Get the video and save the information for output

If you want to get video results, you should use command line argument --output.

    # begin video capture
    try:
        vid = cv2.VideoCapture(int(video_path))
    except:
        vid = cv2.VideoCapture(video_path)

    out = None

    # get video ready to save locally if flag is set
    if FLAGS.output:
        # by default VideoCapture returns float instead of int
        width = int(vid.get(cv2.CAP_PROP_FRAME_WIDTH))
        height = int(vid.get(cv2.CAP_PROP_FRAME_HEIGHT))
        fps = int(vid.get(cv2.CAP_PROP_FPS))
        codec = cv2.VideoWriter_fourcc(*FLAGS.output_format)
        out = cv2.VideoWriter(FLAGS.output, codec, fps, (width, height))

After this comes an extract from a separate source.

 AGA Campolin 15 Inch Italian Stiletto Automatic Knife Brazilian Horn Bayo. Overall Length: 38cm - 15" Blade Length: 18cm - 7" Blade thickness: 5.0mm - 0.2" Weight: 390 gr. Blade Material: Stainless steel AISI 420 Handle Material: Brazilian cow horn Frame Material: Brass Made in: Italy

Save object tracking information

deque(maxlen = 20) means 20 frames and in range(1000) means 1000 queue. Declares to track paths for up to 1000 Bboxes(the number of objects). The path is tracked for each id assigned to each object, which is stored up to 20 frames. The disadvantage is that if another object is given the same id, it will interfere with object tracking.

    frame_num = 0

    from _collections import deque
    pts = [deque(maxlen = 20) for _ in range(1000)]

    Incoming = []
    Outcoming = []

Object detection

Classify the class through object detection algorithm and calculate the size and score of each bounding box. It only leaves one bounding box of the same object and deletes others via NMS. The application does not require classes other than person, so delete other classes.

    # while video is running
    while True:
        return_value, frame = vid.read()
        if return_value:
            frame = cv2.cvtColor(frame, cv2.COLOR_BGR2RGB)
            image = Image.fromarray(frame)
        else:
            print('Video has ended or failed, try a different video format!')
            break
        frame_num +=1
        print('Frame #: ', frame_num)
        frame_size = frame.shape[:2]

        image_data = cv2.resize(frame, (input_size, input_size))

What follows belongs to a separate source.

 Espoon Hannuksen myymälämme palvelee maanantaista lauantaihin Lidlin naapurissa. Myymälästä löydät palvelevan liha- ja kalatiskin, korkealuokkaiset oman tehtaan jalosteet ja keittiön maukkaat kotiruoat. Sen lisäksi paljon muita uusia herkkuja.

        image_data = image_data / 255.

        image_data = image_data[np.newaxis, ...].astype(np.float32)
        start_time = time.time()

        # run detections on tflite if flag is set
        if FLAGS.framework == 'tflite':
            interpreter.set_tensor(input_details[0]['index'], image_data)
            interpreter.invoke()
            pred = [interpreter.get_tensor(output_details[i]['index']) for i in range(len(output_details))]
            # run detections using yolov3 if flag is set
            if FLAGS.model == 'yolov3' and FLAGS.tiny == True:
                boxes, pred_conf = filter_boxes(pred[1], pred[0], score_threshold=0.25,
                                                input_shape=tf.constant([input_size, input_size]))
            else:
                boxes, pred_conf = filter_boxes(pred[0], pred[1], score_threshold=0.25,
                                                input_shape=tf.constant([input_size, input_size]))
        else:
            batch_data = tf.constant(image_data)
            pred_bbox = infer(batch_data)
            for key, value in pred_bbox.items():
                boxes = value[:, :, 0:4]
                pred_conf = value[:, :, 4:]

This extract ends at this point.